The process began in 1998, when Starwood became the first major hotel operator to develop a boutique concept with its flagship W brand. Others soon followed. More recently, though, big chains have been buying existing brands instead of building them from scratch. In December 2014, for example, IHG, at the time the world’s largest hospitality group, acquired Kimpton Hotels, the “first boutique hotel and restaurant company in the US”.
“In France and Spain, the big chains are also trying to buy these different brands and put them into their portfolios,” says Sarasola. “That’s because they know it is much more expensive to build up a new brand. I think it shows that we are doing the right thing. We’ve already had three offers and we’ve said no.”
As well as adding competition to the market, the presence of big brands in the independent space has also challenged what being boutique actually means. Can a company like IHG, with 742,000 rooms in nearly 100 countries, really offer a traditional boutique service? Sarasola thinks not. “The problem with these big brands is that they have they no soul,” he says candidly. “That’s the difference between my hotels and a big multinational: mine have soul and these major brands are just lifestyle copycats.”

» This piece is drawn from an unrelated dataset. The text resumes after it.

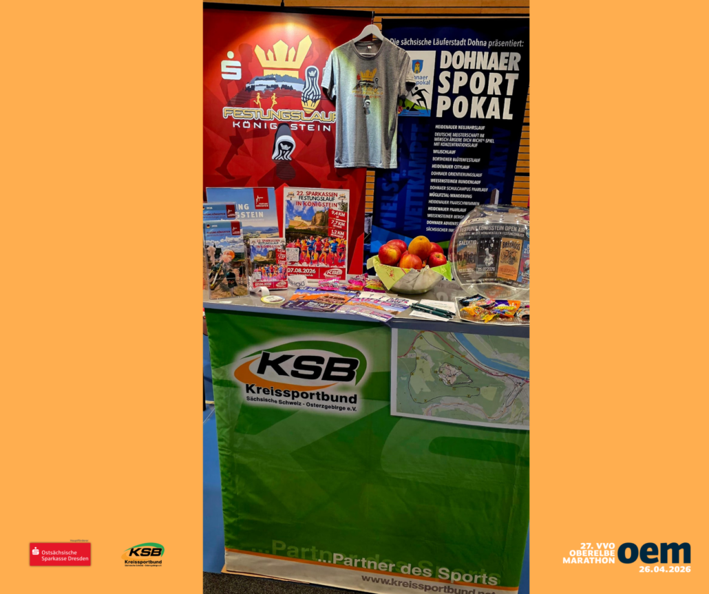 Bei der Sportmesse zum VVO-Oberelbemarathon in Dresden präsentiert sich auch der Sparkassen-Festungslauf, der am 7. August 2026 in Königstein stattfinden wird. Organisationsleiter Jens Dzikowski war am Freitag vor Ort und freut sich schon auf den Lauf von der Sächsischen Schweiz entlang der Elbe nach Dresden. Die Veranstalter werden vom KSB unterstützt. Die 27. Auflage findet am Sonntag, dem 26. April 2026, statt. Mehr als 9.100 Lauffreundinnen und Lauffreunde haben sich dieses Jahr abgemeldet. Damit wurde der Vorjahresrekord noch einmal deutlich geknackt.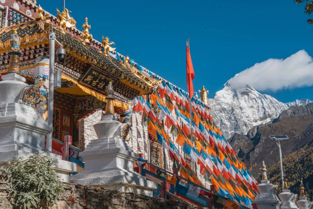 继续往前,很快就能看到一排排整齐有序的现代藏寨,房屋依山而建,以红黄为底色的人类建筑跟自然的色彩完美融合,这里就快到四姑娘山镇了。

While Boyen believes the big brands are “doing a great job”, he also says the way they are structured makes offering a genuinely boutique service a major challenge. “I think it has been proved many times that they struggle to differentiate their boutique offering from what they originally did,” he says. “After a while, we see the original standards and procedures that they have in place at their bigger sister or brother companies sneak in. And that takes away from the welcoming feeling and the spontaneous service that a boutique hotel should have.”

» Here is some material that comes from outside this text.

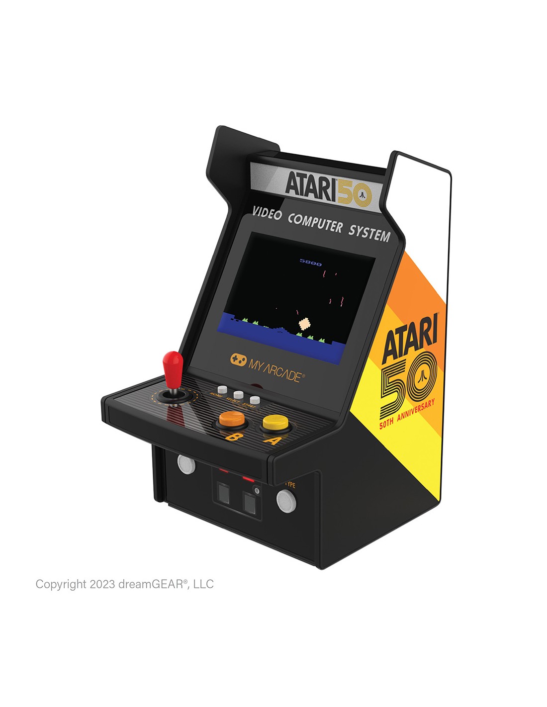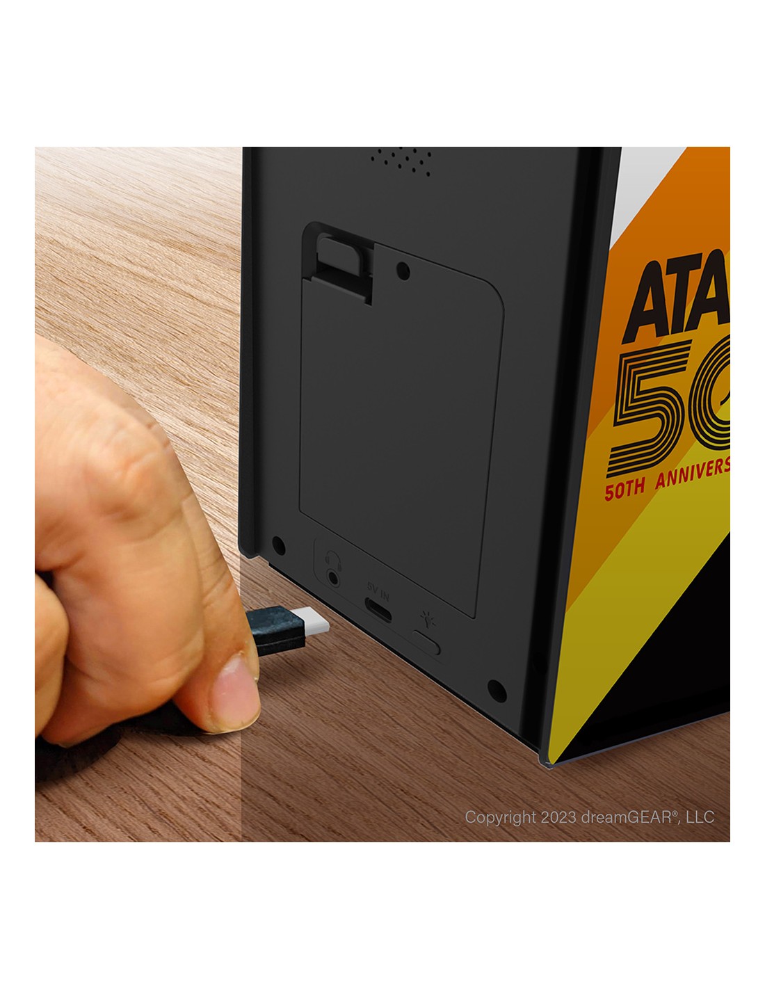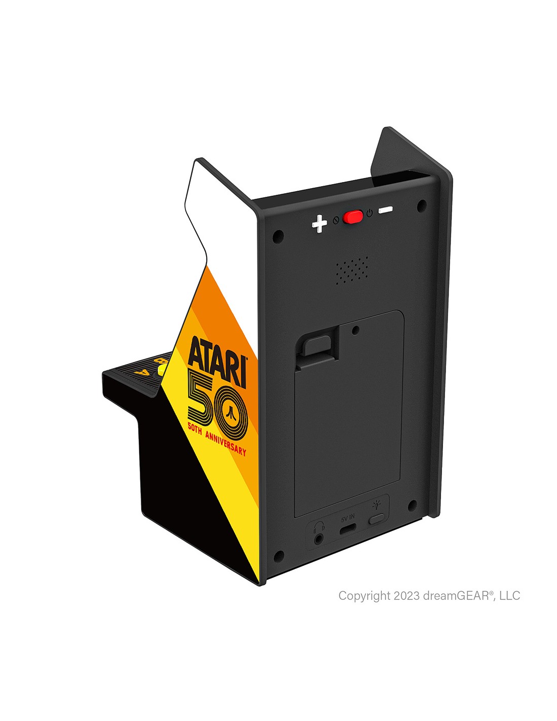 Micro player pro 6,75 inch atari portable retro arcade (100 juegos en 1) título con licencia oficial. pantalla 2,75" de alta resolución a todo color. presenta ilustraciones inspiradas en el gabinete arcade original. contiene 100 juegos, entre ellos: asteroids®, centipede®, millipede®, breakout®, missile command®, tempest® y muchos más. altavoz incorporado con control de volumen. puerto de auriculares de 3,5 mm. brillo de pantalla ajustable. alimentado por 4 pilas aa (no incluidas) o un cable usb-c (no incluido). ideal para cualquier sala de juegos, oficina o vitrina. incluye guía de usuario

By comparison, at Small Luxury Hotels of the World, Boyen says individuality in terms of service and design is actively encouraged. “The GMs and owners in our portfolio know that we want them to be very individual, very quirky, and to offer the best possible experiences,” he says. “And unlike the big brands, we have lots of hotels that have been with the same owning family for generations. For example a couple of weeks ago I was in Italy visiting our hotels. In Monza, we have a place that has been in the same family for four generations; the love they have for hospitality and great food is just amazing.”
For Boyen, as the major hotel chains continue to create or acquire new boutique brands, it’s precisely that kind of backstory that will allow champions of independent hotels to remain differentiated and relevant to the new generation of travellers. “When it comes to the client’s experience, I think there is a big difference between us and the big brands,” he says. “We have hotels that are not just representative of the local community and local destinations, they are embedded in it.”